Значит, он, Андрей Воронцов, снова выжил…
В декабре Андрея выписали из госпиталя и отправили на завод «Геринг-верке», километрах в двадцати от центрального лагеря. Паровичок деловито тянул по узкоколейке десятка два железных грохочущих вагонеток, а в вагонетках, прижавшись друг к другу, сидели узники. Ледяной ветер пронизывал их насквозь. Когда паровоз остановился у завода, многие не могли вылезти из вагонеток без посторонней помощи.
Но прежде чем отправить заключенных в бараки, вахтманы приказали им погрузить на вагонетки мертвецов. В филиале не было крематория, и умерших отправляли в Маутхаузен. Там крематорий работал и днем и ночью…
Замерзшие трупы сложили в вагонетки. В хвост поезда посадили апатичных, равнодушных ко всему дистрофиков, потерявших всякое ощущение жизни. Их тоже везли в Маутхаузен, в крематорий… Андреи ничего не видел страшнее очереди за смертью перед крематорием… Это было еще до его болезни. Он проходил мимо крематория. Там вытянулась у ворот очередь таких же вот апатичных, безвольных полосатых людей-скелетов. Одни лежали на стылой земле, не в силах двинуться, другие, ссутулившись, Притопывали от холода и зябко потирали руки. Они знали, что должны сейчас умереть; и были равнодушны к смерти; ненадолго их мог бы оживить лишь вид хлеба, пищи… А за стеной раздавались короткие выстрелы, и очередь все сокращалась… Что по сравнению с этим картины Дантова ада!..
Паровичок доставил живых и, забрав мертвых, загромыхал по узкоколейке в обратный рейс.
Перед отъездом из лазарета доктор Григоревский вызвал к себе Андрея будто на медицинский осмотр и передал инструкции, как вести себя на заводе. Главное внимание — «Фердинандам». Исправные машины не должны уходить с завода. Электросварщикам надо сказать: «Доктор Цветкович передает всем привет». Цветкович — югослав. Он в Линце возглавляет подпольную группу…

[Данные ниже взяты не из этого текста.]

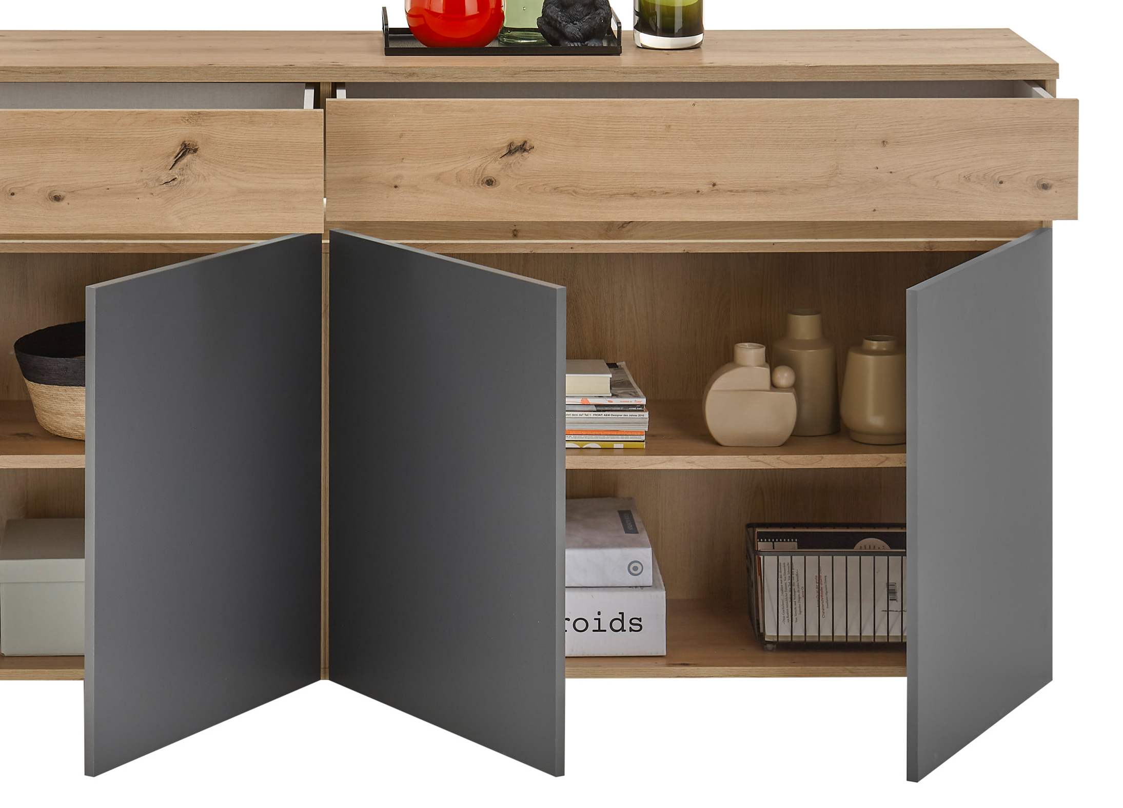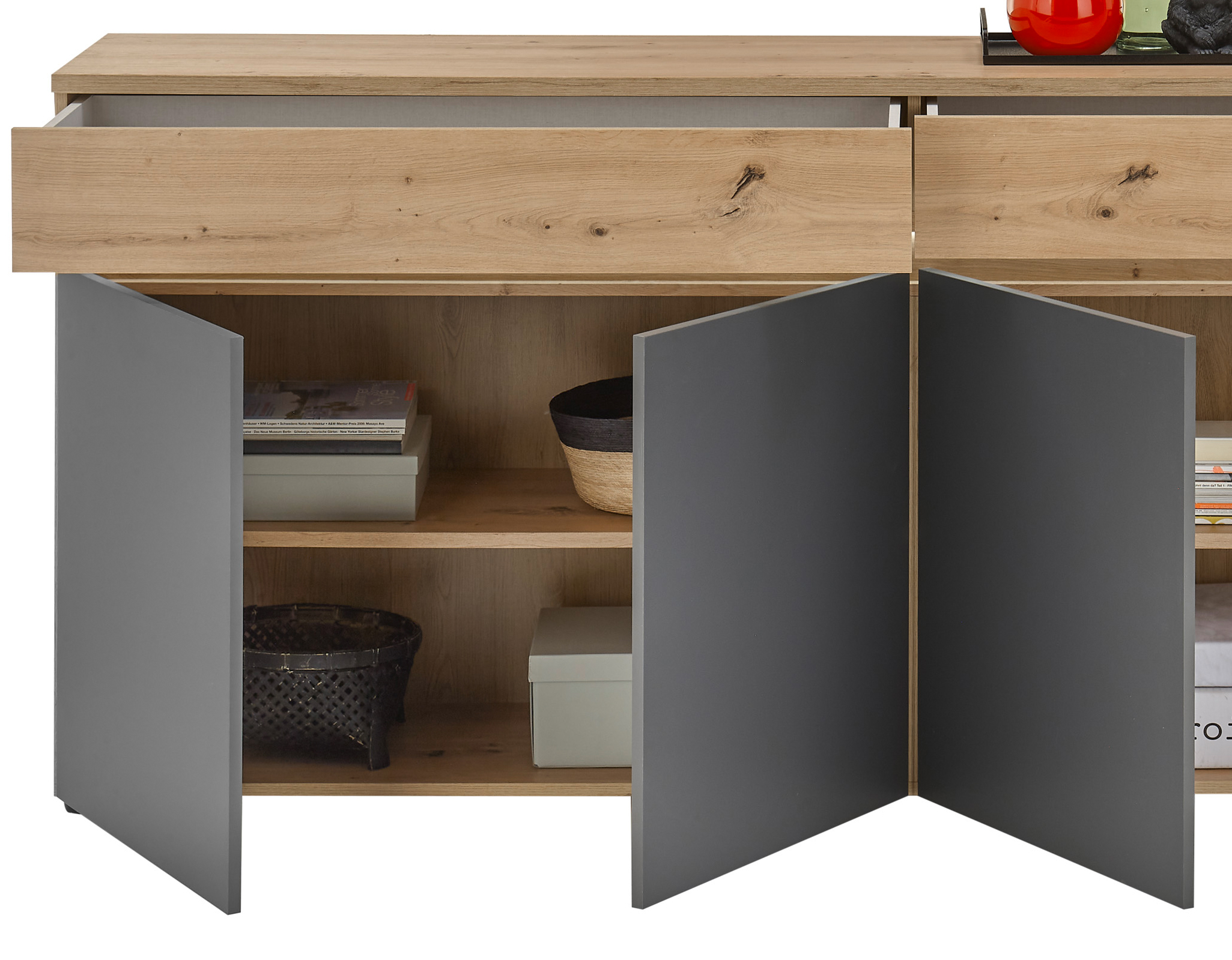 Entdecken Sie das praktische und stilvolle Lowboard und Wandboard der Möbelserie Lille. Mit dem modernen Design und der wundervollen Farbkombination aus Artisan Eiche und Anthrazit passen sich das Lowboard und das Wandboard Lille perfekt Ihren Wohnbereich an, und wertet diesen mit dem Design beider Möbelelemente auf. Dank der vielen Ablagemöglichkeiten des Sideboards, können Sie ganz angenehm Ihre Dekorationen oder Accessoires unterbringen, ohne dass diese die Optik Ihres Wohnbereiches einschränken oder beeinträchtigen. Ihre besonderen Accessoires Ihrer Liebsten können Sie ganz angenehm auf das Wandboard der Möbelserie Lille stellen, sodass Sie diese jederzeit in Ihrem Wohnbereich im Blick haben. Holen Sie sich jetzt das Wandboard und das Sideboard der Möbelserie Lille, und bereichern Sie Ihren Wohnbereich!
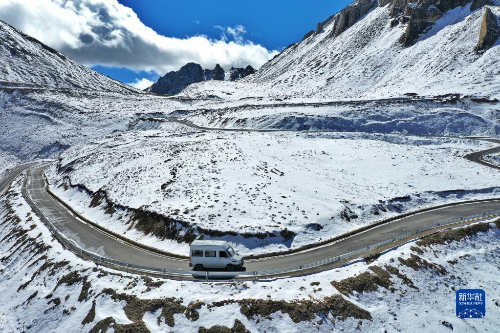 10月23日,一輛汽車行駛在四川省甘孜藏族自治州巴塘縣境內(nèi)的藏巴拉雪山的公路上(無人機照片)。新華社記者 劉坤 攝
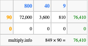 Below is an illustration showing you how to calculate 849 times 90 using the box method, using the instructions above.
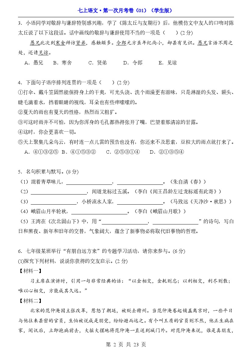 首页 > 全部 > 月考试卷 > 7上语文第1次月考01【第1-2单元】
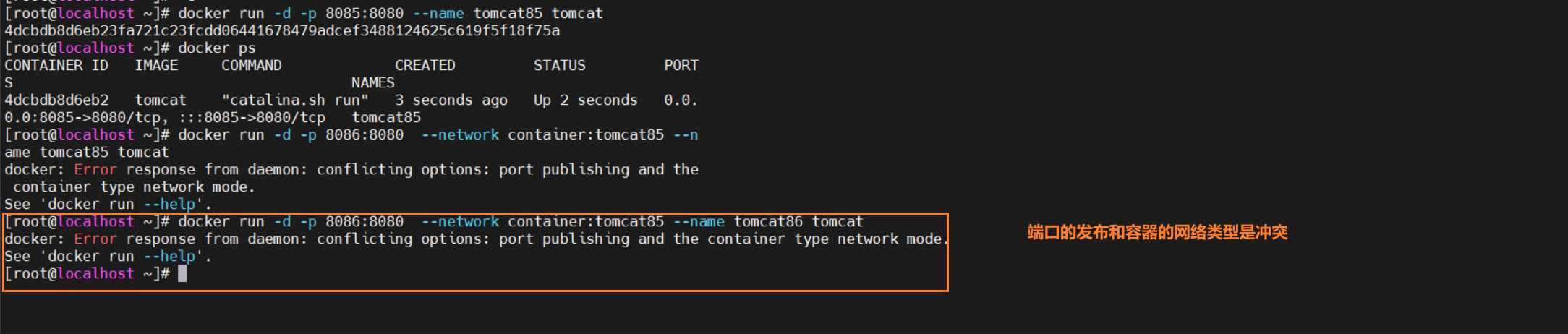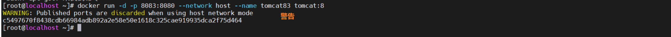 原因:Docker启动时指定--network=host或-net=host,如果还指定了-p映射端口,此时就会出现这样的警告信息,并且通过-p设置的参数将不会起到任何作用,端口号会以主机端口号为主,重复时则递增。
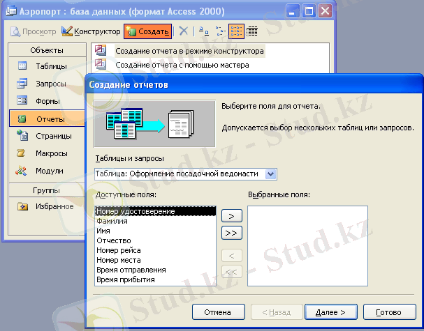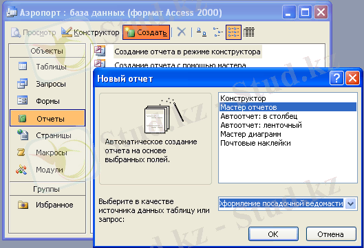 Отчеты -> Создать -> Мастер отчетов (34-сурет) орындағаннан

На заводе поначалу все шло хорошо. Надзиратели избегали заходить в цех, где работали сварщики. Синих защитных очков у эсэсовцев не было, а смотреть незащищенными глазами на горящие электроды невозможно… Мастера были довольны работой сварщиков. Их не приходилось понукать, как других. Голубоватые молнии непрестанно озаряли высокий цех, где сваривали броневые щиты для самоходных пушек.
А сварщики, когда вокруг не было посторонних, горстями насыпали в швы мелкий шлак, пыль и сверху заваривали тонким слоем металла. Броня, опорные узлы едва держались, но внешне все выглядело добротно и крепко… Еще портили измерительный инструмент, шаблоны, угольники. Поэтому листы приходили в цех перекошенные, не подходили один к другому, их браковали и возвращали обратно в заготовительный цех…
Но вдруг разразилась беда. Кто-то из сварщиков перестарался — «фердинанд» развалился во время погрузки его на платформу. Не надо было быть специалистом, чтобы обнаружить причины: виновны сварщики!.. Всех арестовали прямо в цехе. Двое суток сварщики сидели в бункере. На третий день всех русских увезли в Маутхаузен, в блок № 20.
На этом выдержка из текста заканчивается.